For model with decision tree, we get a quite good result as it scored 96.65% for the accuracy, 96% in recall and a precision of 94.81%. However, instead of using accuracy, we will focused our attention to the other two metrics; recall (96%) and precision (94.81%). It seems that our model performed pretty well, judging from the confusion matrix above.

Conclusion

In Part 2, we managed to create a titanic survival prediction with naive bayes and decision trees, which are the two algorithms that are widely used in classification problems. The model prediction with naive bayes used three variables as its predictors (Pclass, Sex, Embarked) and has a quite good performance for the returns.
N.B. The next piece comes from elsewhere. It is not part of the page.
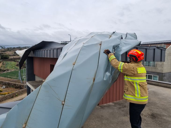 25일 제주시 애월읍 애월리에서 강풍에 파손된 건물 지붕을 소방대원이 안전조치 하고 있다. 제주소방안전본부 제공

It has a recall of 100%, 84.44% for precision and roughly 0.97 for its AUC (model evaluation using ROC-AUC).

While the decision tree model that used all of the variables as its predictors has an output of 96% recall and 94.81% precision (which is 10% lower than the one we got from naive bayes).

Overall, our naive bayes model has a better performance compared to the decision tree model. This was shown by having zero false negatives predictions with a slightly lower score in precision.